### [RECORD EXCERPTS]
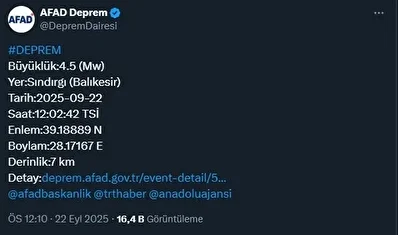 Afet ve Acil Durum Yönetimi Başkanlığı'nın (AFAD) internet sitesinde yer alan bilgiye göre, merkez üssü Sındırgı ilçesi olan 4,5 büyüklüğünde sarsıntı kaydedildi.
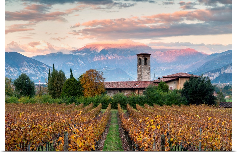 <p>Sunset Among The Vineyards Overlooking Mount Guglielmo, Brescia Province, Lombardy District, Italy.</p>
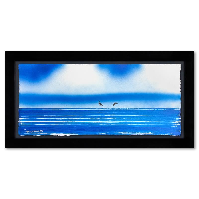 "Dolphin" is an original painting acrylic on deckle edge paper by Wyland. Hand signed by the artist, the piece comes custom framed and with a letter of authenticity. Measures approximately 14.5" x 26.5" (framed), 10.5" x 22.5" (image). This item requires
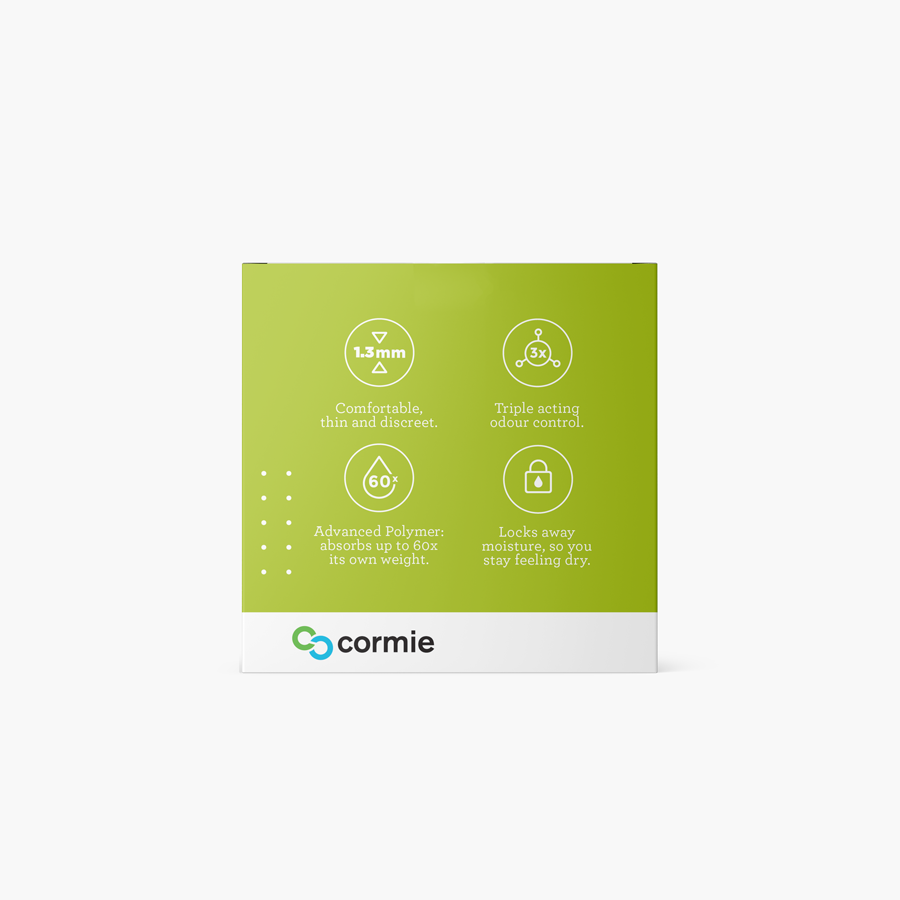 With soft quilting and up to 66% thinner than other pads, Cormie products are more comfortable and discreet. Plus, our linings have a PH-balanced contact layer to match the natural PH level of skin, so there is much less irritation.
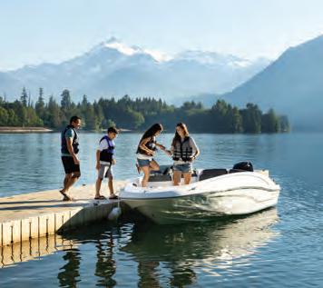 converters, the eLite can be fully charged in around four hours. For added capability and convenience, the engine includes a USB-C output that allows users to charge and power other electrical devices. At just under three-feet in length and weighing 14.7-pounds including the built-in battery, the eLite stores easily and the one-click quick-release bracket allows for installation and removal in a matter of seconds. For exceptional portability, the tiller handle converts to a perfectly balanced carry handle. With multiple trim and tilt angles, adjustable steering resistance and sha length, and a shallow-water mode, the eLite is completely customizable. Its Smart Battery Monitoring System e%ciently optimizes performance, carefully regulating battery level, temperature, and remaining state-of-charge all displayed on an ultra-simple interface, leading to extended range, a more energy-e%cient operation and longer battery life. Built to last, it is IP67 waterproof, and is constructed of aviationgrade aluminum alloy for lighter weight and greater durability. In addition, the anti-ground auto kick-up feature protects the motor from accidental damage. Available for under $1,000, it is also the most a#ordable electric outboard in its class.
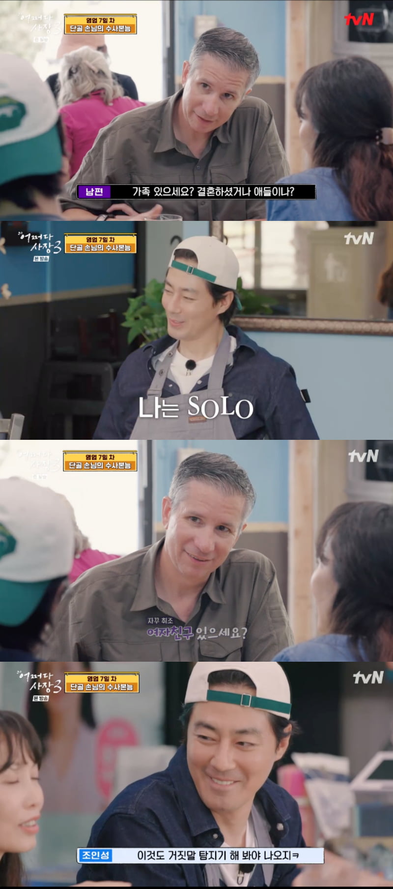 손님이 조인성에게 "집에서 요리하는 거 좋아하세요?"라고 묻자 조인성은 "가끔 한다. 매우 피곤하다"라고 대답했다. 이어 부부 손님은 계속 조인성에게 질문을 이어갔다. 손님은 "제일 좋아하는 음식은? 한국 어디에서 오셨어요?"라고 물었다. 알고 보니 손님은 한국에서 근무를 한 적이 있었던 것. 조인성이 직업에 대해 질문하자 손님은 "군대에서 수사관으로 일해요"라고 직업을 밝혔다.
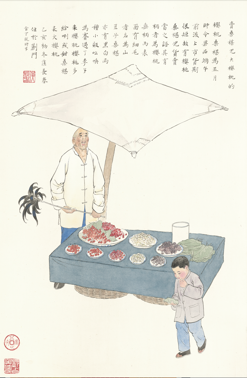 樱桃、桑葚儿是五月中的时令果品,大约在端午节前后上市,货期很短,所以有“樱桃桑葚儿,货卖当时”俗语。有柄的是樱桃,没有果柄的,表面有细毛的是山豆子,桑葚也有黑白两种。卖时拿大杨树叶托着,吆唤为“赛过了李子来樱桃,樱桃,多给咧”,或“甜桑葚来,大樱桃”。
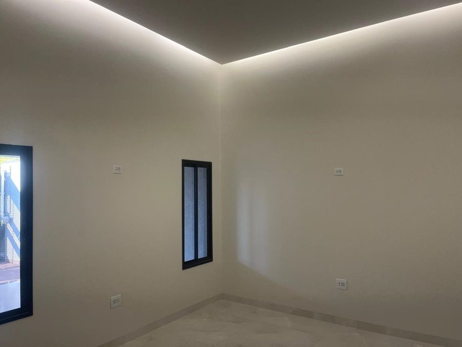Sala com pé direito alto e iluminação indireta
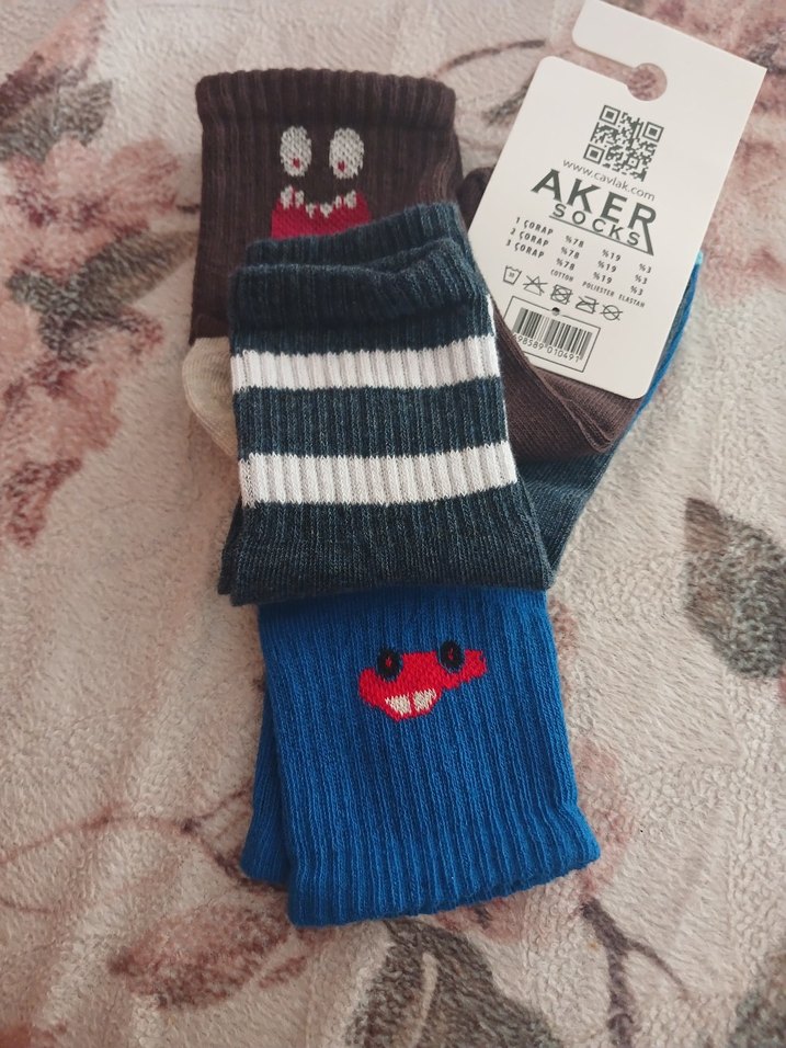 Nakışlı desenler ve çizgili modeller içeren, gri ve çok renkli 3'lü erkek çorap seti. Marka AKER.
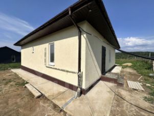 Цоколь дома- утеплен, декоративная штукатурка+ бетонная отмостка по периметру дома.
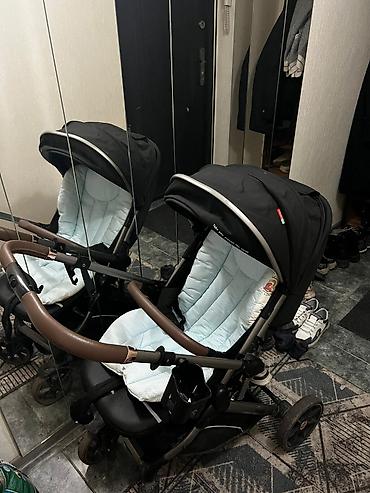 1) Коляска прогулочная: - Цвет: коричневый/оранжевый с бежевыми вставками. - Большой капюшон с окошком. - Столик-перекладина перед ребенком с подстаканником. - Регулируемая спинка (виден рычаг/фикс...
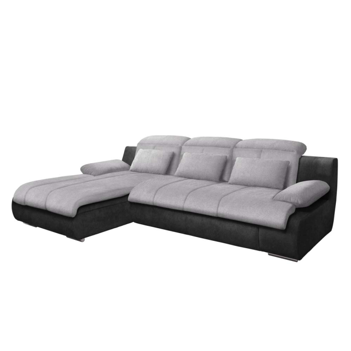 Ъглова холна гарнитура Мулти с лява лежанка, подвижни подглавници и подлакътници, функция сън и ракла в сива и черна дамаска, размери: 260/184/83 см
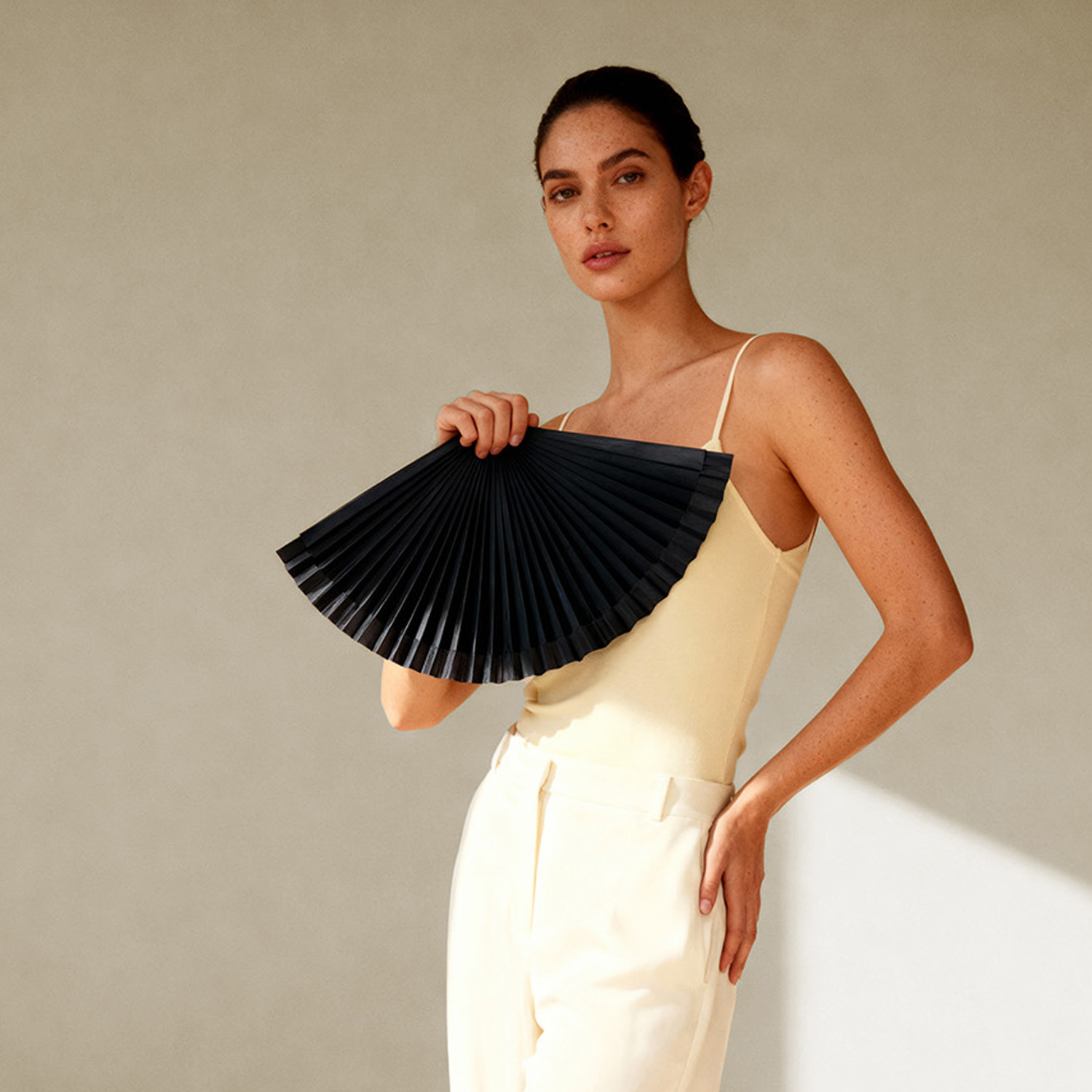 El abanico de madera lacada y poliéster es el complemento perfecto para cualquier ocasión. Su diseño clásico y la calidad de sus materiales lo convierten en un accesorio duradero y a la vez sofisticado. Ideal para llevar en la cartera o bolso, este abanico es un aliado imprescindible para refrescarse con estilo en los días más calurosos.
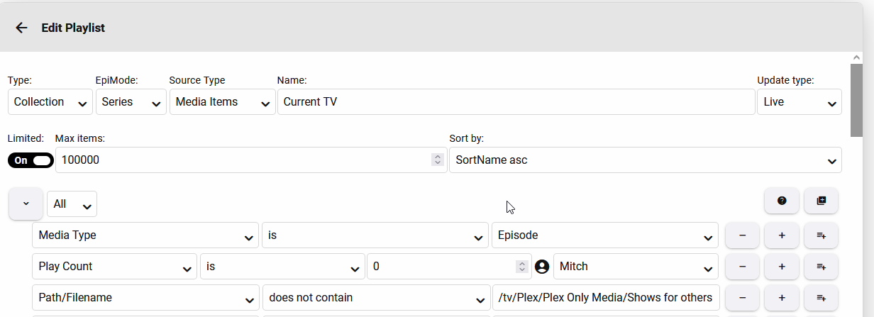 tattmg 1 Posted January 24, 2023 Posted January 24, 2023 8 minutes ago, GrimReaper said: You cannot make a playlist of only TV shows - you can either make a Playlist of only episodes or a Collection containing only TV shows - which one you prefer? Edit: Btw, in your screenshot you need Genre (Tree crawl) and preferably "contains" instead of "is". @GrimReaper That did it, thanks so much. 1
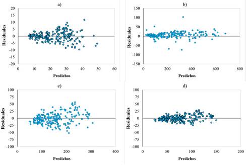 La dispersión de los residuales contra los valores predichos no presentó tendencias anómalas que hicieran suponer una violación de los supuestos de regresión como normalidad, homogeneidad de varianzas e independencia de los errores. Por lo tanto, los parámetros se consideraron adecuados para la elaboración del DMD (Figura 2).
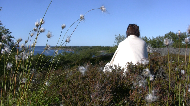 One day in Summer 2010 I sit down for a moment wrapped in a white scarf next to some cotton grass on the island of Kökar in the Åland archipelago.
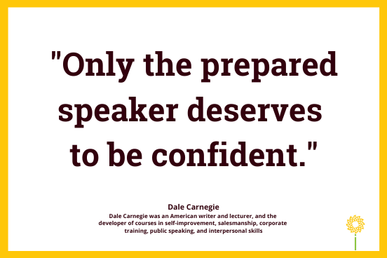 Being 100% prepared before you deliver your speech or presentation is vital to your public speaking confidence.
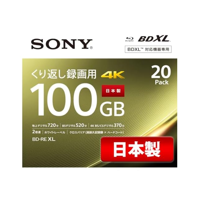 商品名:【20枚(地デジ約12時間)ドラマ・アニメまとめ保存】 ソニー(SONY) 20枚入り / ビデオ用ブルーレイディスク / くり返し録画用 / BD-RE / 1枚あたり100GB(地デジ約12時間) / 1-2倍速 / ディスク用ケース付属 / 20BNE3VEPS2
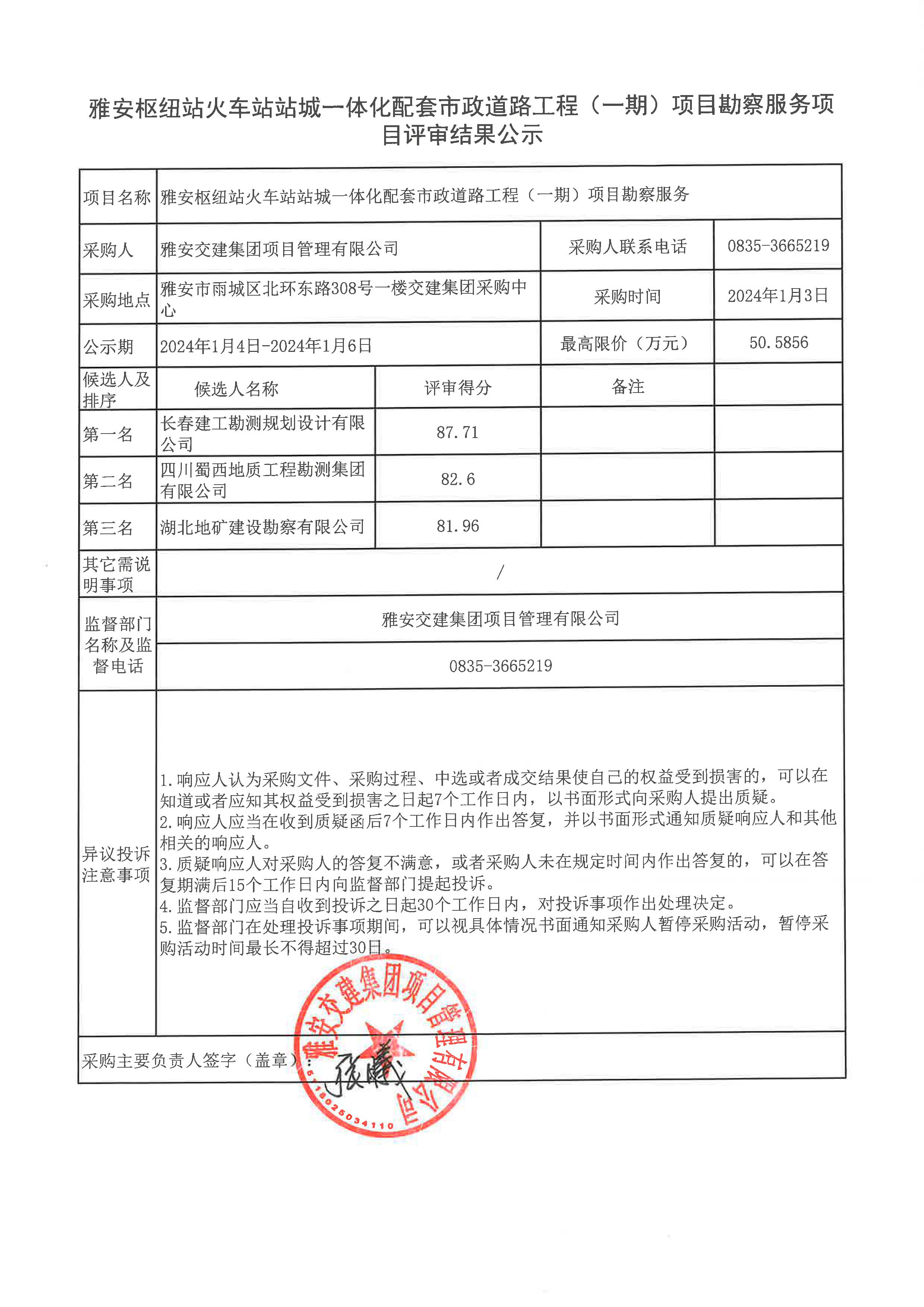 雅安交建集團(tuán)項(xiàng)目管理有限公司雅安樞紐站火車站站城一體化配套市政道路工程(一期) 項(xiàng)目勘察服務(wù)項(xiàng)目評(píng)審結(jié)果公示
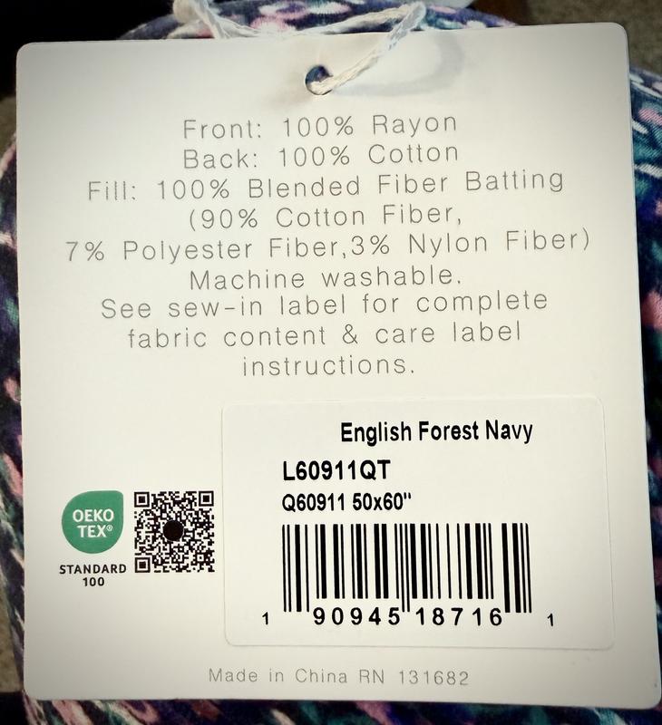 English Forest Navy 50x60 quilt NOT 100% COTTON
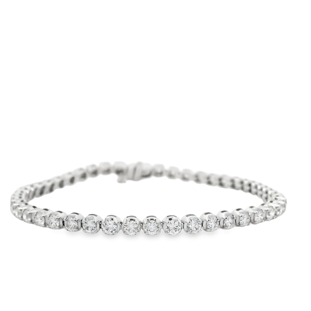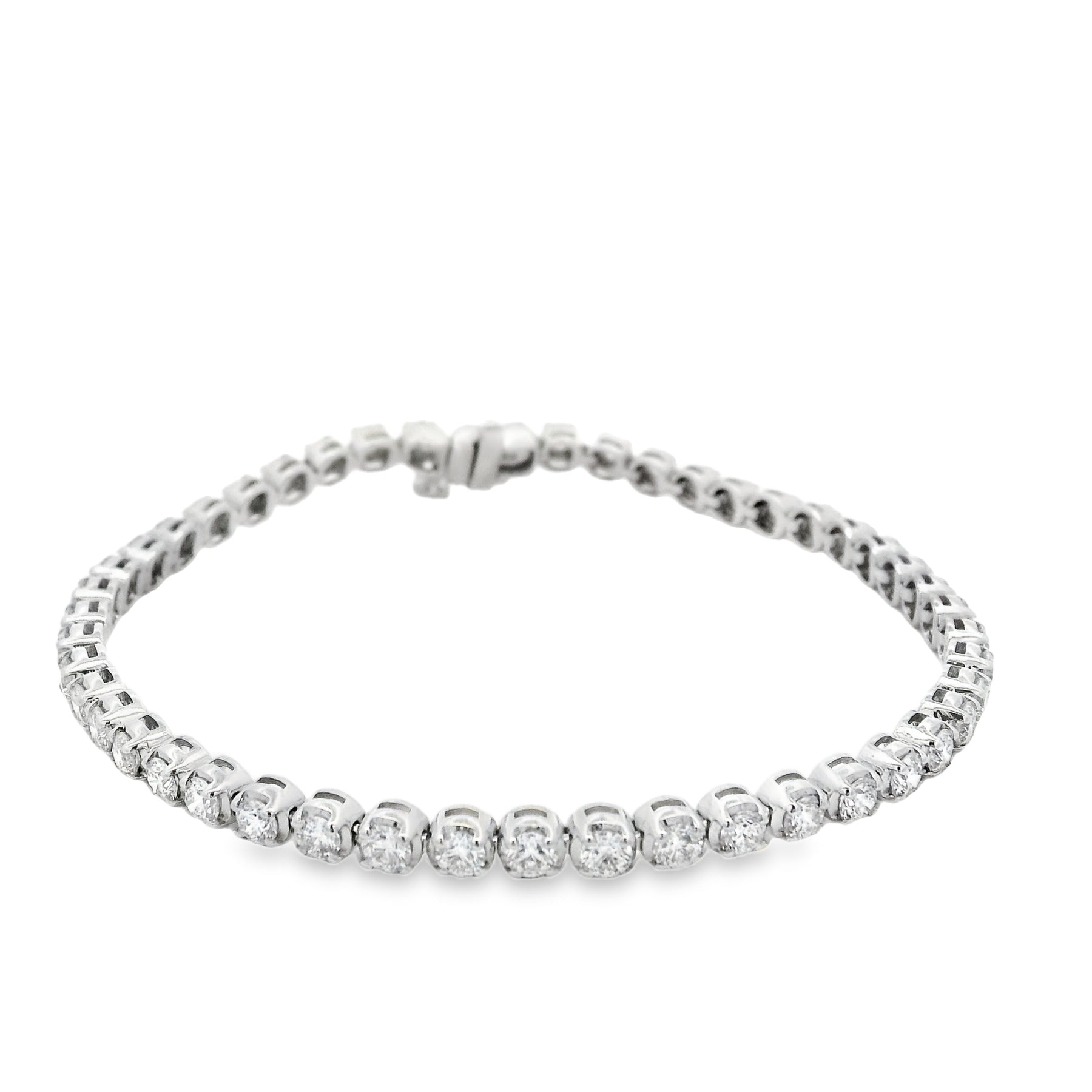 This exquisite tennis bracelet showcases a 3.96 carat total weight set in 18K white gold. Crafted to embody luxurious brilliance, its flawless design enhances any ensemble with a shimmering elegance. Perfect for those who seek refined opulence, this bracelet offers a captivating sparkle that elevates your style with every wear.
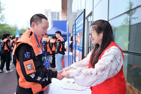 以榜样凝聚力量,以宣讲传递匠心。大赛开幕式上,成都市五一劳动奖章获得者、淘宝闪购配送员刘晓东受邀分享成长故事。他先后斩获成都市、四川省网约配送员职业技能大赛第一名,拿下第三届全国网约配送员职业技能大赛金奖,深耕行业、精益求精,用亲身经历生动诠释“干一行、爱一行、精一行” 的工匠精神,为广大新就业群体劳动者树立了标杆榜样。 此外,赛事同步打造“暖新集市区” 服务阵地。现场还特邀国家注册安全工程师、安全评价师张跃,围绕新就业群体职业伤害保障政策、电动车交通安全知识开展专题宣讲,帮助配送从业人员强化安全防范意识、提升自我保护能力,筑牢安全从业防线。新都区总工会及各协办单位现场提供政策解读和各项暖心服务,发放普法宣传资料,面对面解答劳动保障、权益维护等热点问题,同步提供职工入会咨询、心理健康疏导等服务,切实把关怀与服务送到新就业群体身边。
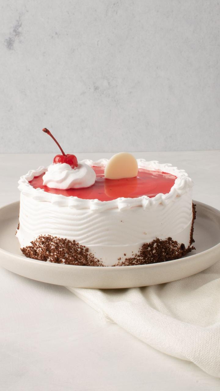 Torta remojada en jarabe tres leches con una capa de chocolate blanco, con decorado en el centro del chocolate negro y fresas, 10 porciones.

### [EXERCISE AIM]
Copy word for word the lines above, starting at the line containing "Being 100% prepared" and ending at the line containing "English Forest Navy", inclusive, with no pictures.

### [SOLUTION BELOW]
 Being 100% prepared before you deliver your speech or presentation is vital to your public speaking confidence.
 商品名:【20枚(地デジ約12時間)ドラマ・アニメまとめ保存】 ソニー(SONY) 20枚入り / ビデオ用ブルーレイディスク / くり返し録画用 / BD-RE / 1枚あたり100GB(地デジ約12時間) / 1-2倍速 / ディスク用ケース付属 / 20BNE3VEPS2
 雅安交建集團(tuán)項(xiàng)目管理有限公司雅安樞紐站火車站站城一體化配套市政道路工程(一期) 項(xiàng)目勘察服務(wù)項(xiàng)目評(píng)審結(jié)果公示
 English Forest Navy 50x60 quilt NOT 100% COTTON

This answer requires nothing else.